Ничего ужасного в нашем предложении нет…

Поднятая рука повисает в воздухе, потом как бы ненароком опускается на одну из бутылок. Вскоре крышечка мягко падает на ковер. Ну конечно, если во всех случаях следовать советам врачей…

– Мы предлагаем вам не самоубийство, а спасение, –

поясняет исполин после того, как осушил и вторую кружку одним духом. – Самоубийство вы сами себе уготовили. У

нас есть сведения, что бойкот окончится вашим банкротством…

И он излагает все те аргументы, которые мне хорошо известны, поскольку не так давно с их помощью я сам ставил в тупик несчастного основателя «Хроноса». Очевидно, люди «Зодиака» уже навели справки, потому что директор располагает довольно полными сведениями относительно моего предприятия.

– У вас один-единственный выход: продать. И редкая возможность: продать не какому-нибудь вымогателю, а весьма почтенным, я бы даже сказал щедрым, покупателям, вроде нас.

Все это время я нахожусь в естественном для подобных случаев подавленном состоянии духа, забыв даже выпить налитую исполином вторую кружку пива, хотя, между нами будь сказано, право утолять жажду дано не одному

Вермескеркену. Наконец устрашающие аргументы директора исчерпались, и я, желая растрогать собеседника, говорю, что «Хронос» для меня не просто источник прибылей, что это моя первая и, может быть, последняя любовь, что часы для меня что родовой герб, они у меня в крови и так далее, походя вставляя в свою душещипательную исповедь куски, позаимствованные из тирад Клода Ришара.

– Чудесно, – произносит директор, когда я замолкаю. –

Если эта сделка состоится, мы откроем у себя отдел по производству и сбыту часов и нам потребуется начальник отдела.

– А мой директор? А секретарша? А все те люди, которые так заботливо подбирались, чтобы создать живой работоспособный организм?..

– Но послушайте, – рокочет Вермескеркен. – Вовсе не в наших интересах разрушать этот организм. Напротив, мы его расширим, чтобы получилось мощное конкурентноспособное предприятие. Ваши люди не ощутят никаких перемен. Так же как и вы… разве только с ваших плеч свалятся бесчисленные заботы. – Для большей убедительности его рука делает решительный жест и хватает последнюю бутылку.

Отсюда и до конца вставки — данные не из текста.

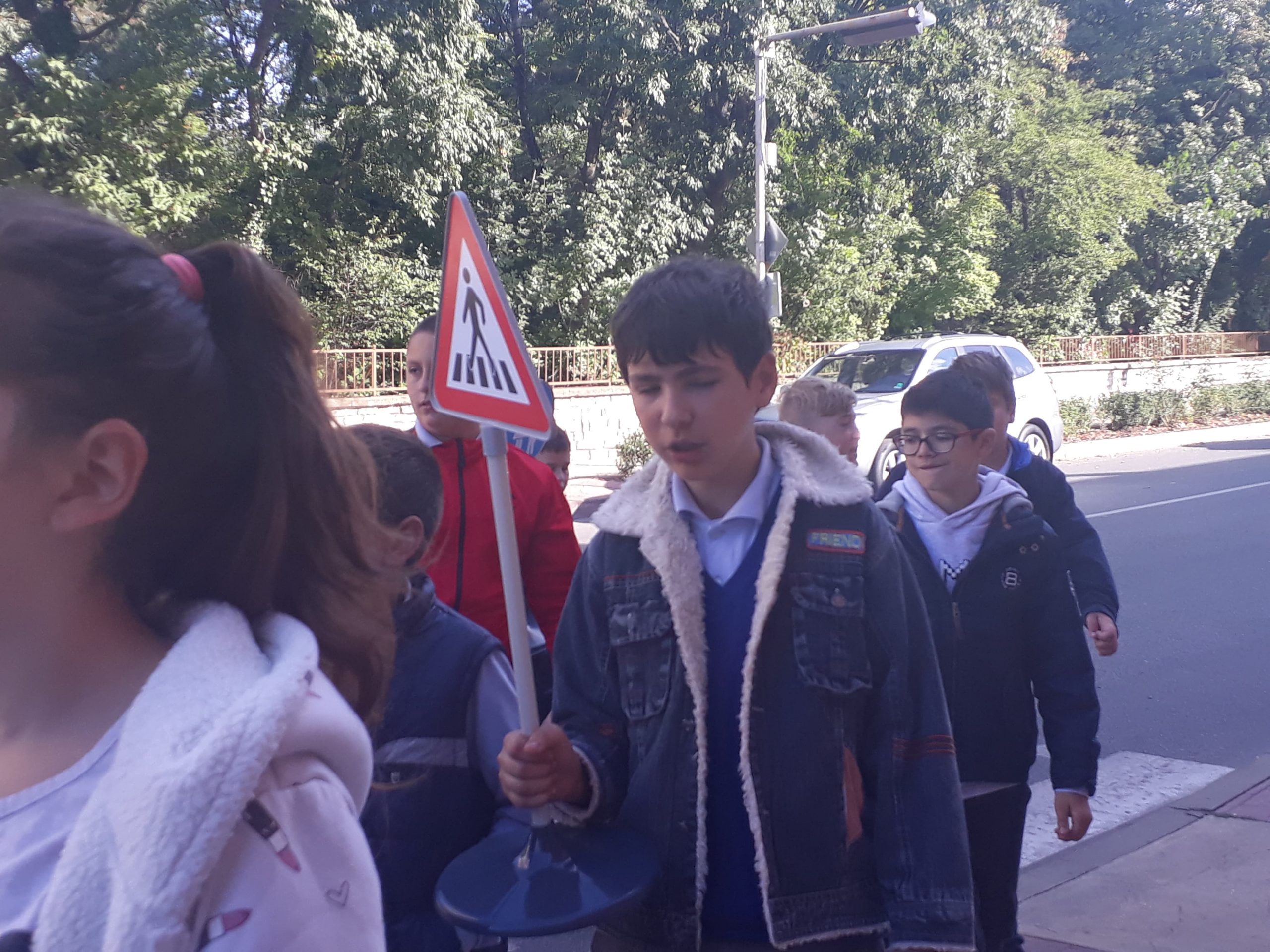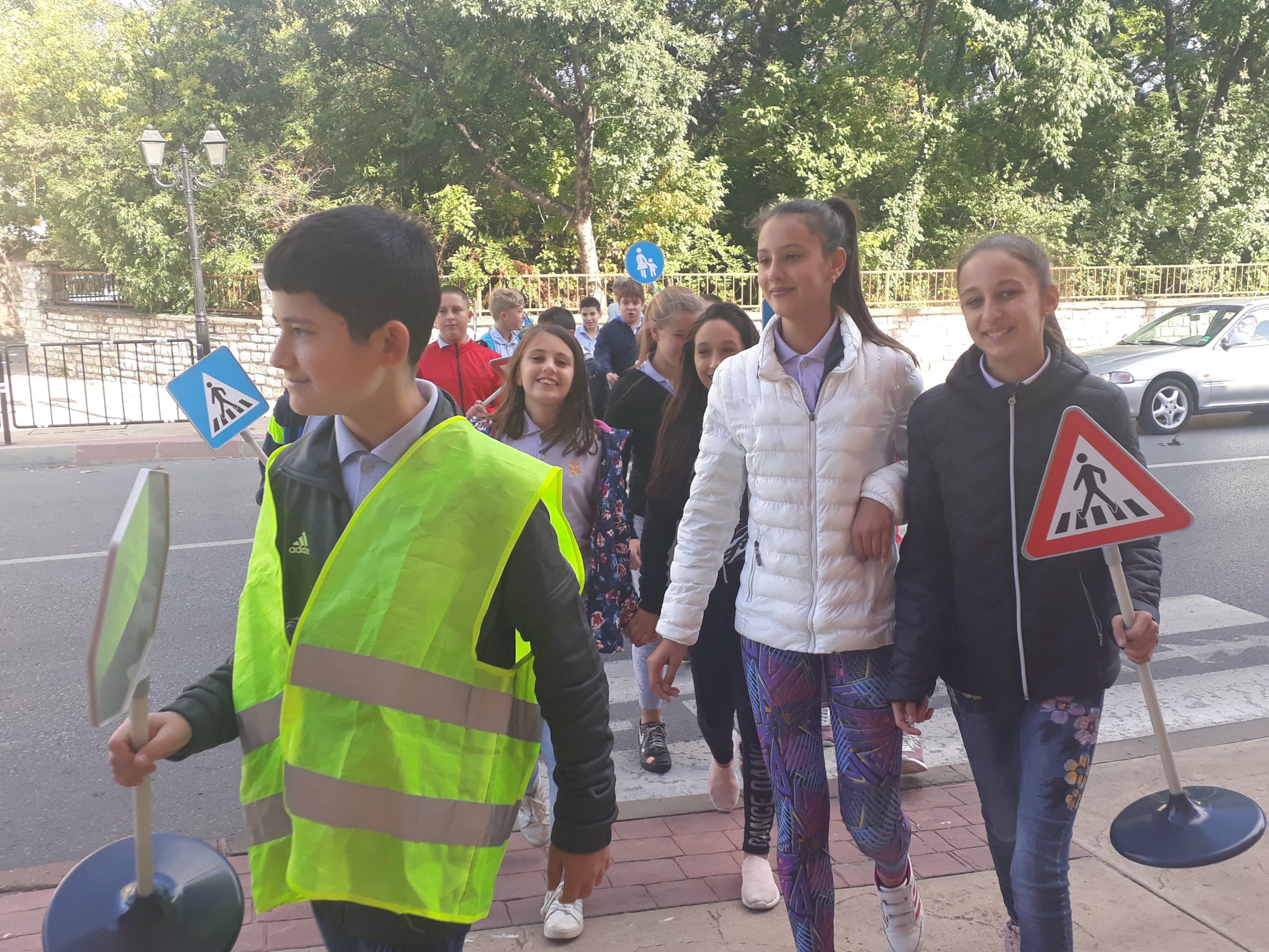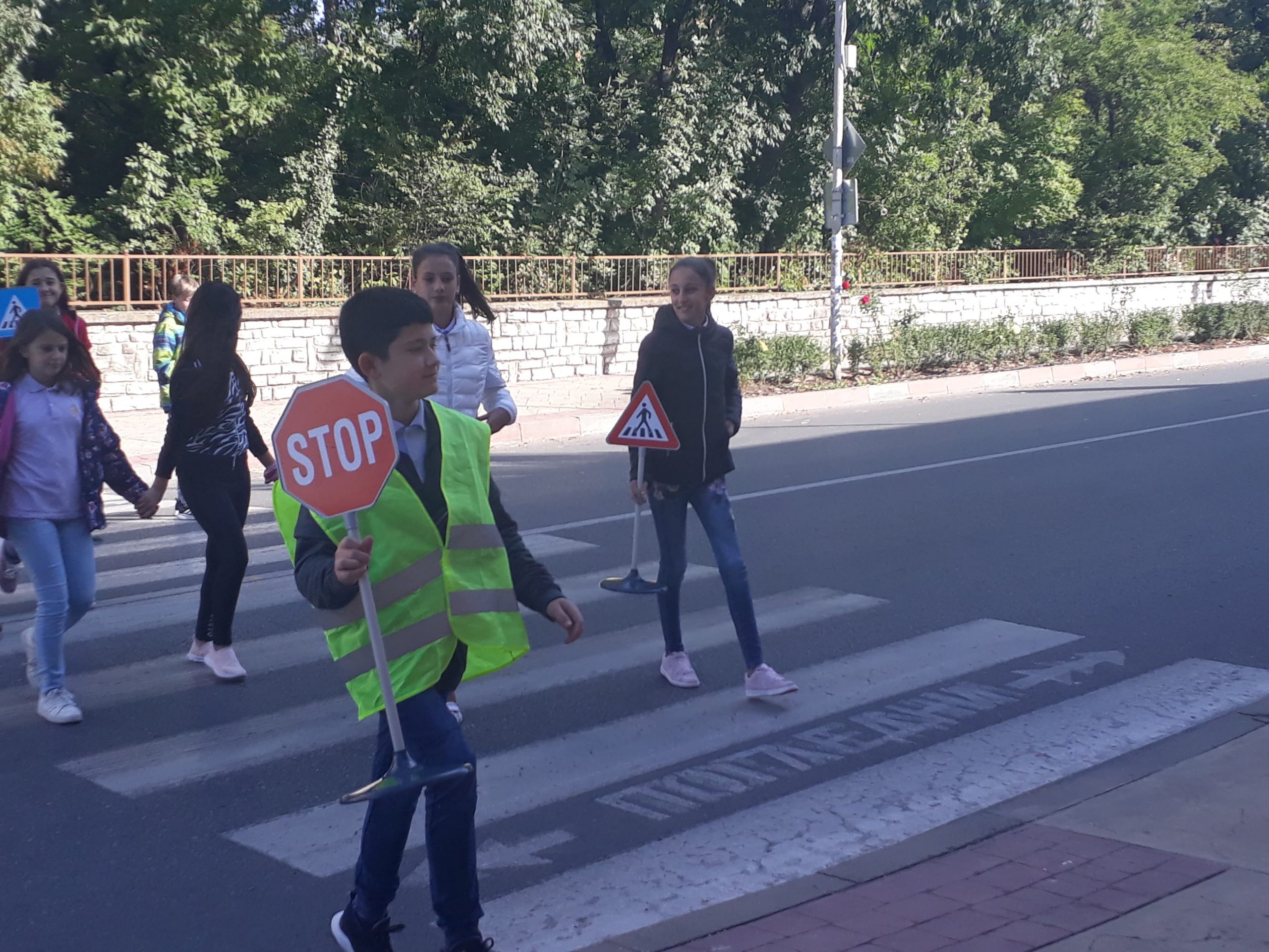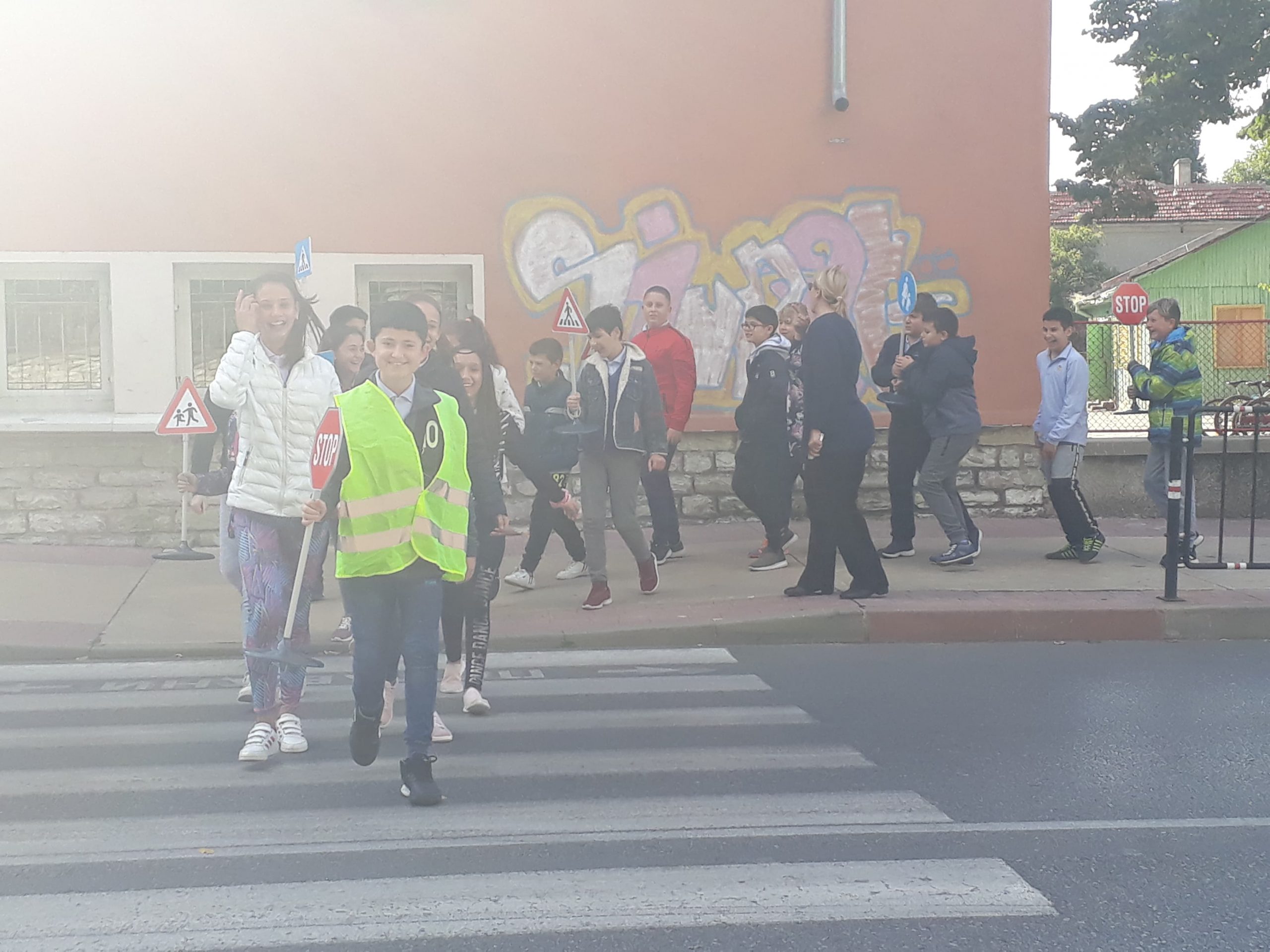 На 11.10.2019 г. ученици от VI в клас на ОУ “Димитър Петров” – Сливен осъществиха флашмоб на пешеходната пътека до училището. Целта на инициативата беше да се затвърдят знанията им по Безопасно движение по пътищата и на практика да видят реакция на водача и спирачен път, понятия, които изучават в часовете по задължителна и избираема подготовка по предмета “Човекът и природата”. Занятието имаше и възпитателен характер спрямо водачите на превозни средства, които трябва да шофират с безопасна скорост, така че да могат да реагират своевременно при съществуваща опасност на пътя. Учениците бяха “въоръжени” с пътни знаци “Стоп” , “Внимание! Пресичащо дете” и обозначителни сигнални жилетки. Бяха свидетели на съобразителност и внимание от страна на водачите на моторни превозни средства.

Я продолжаю какое-то время метаться в буре глубоких душевных переживаний. Потом как бы между прочим справляюсь о цене. На этот вопрос исполин отвечает вопросом:

– Сколько вы дали бывшему владельцу?

– Я вам скажу, хотя это тайна, касающаяся только меня и Ришара.

И называю точную цифру.

Люди «Зодиака» и без того уже докопались до этой цифры, в чем я тут же убеждаюсь по довольному виду исполина.

– Чудесно, – кивает он. – Следовательно, такую цену вам полагалось бы дать, чтоб вы не оказались внакладе. –

Но… – Я вспыхиваю от возмущения.

Директор снова поднимает свою пухлую руку.

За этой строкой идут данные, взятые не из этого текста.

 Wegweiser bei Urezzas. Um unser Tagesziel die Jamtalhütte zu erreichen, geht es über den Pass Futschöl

– Погодите! Я сказал: полагалось бы дать, но это не означает, что так и будет. Вам удалось купить «Хронос»

очень дешево, а мы проявим к вам большую уступчивость, чем проявили вы по отношению к прежнему владельцу. Вы получите пять процентов сверх общей суммы сделки.

– Скажите десять, – говорю, – чтоб было над чем подумать.

Ван Вермескеркен тихо смеется, издавая при этом булькающие звуки, совсем как при полоскании горла.

– Не предавайтесь мечтаниям, господин Роллан. Мы с вами деловые люди. Пять процентов – это окончательное условие. И позвольте вам заметить, вполне приемлемое, если принять во внимание, в какой сумме это выразится.

Я, конечно, настаиваю на своих десяти процентах, потом снижаюсь до восьми, однако добродушная акула не собирается уступать.

– Пять процентов, – повторяет он до тех пор, пока не приходит время прощаться. – И не особенно тяните с ответом. Мы редко решаемся на подобные сделки, но, если уж решились, медлить не любим.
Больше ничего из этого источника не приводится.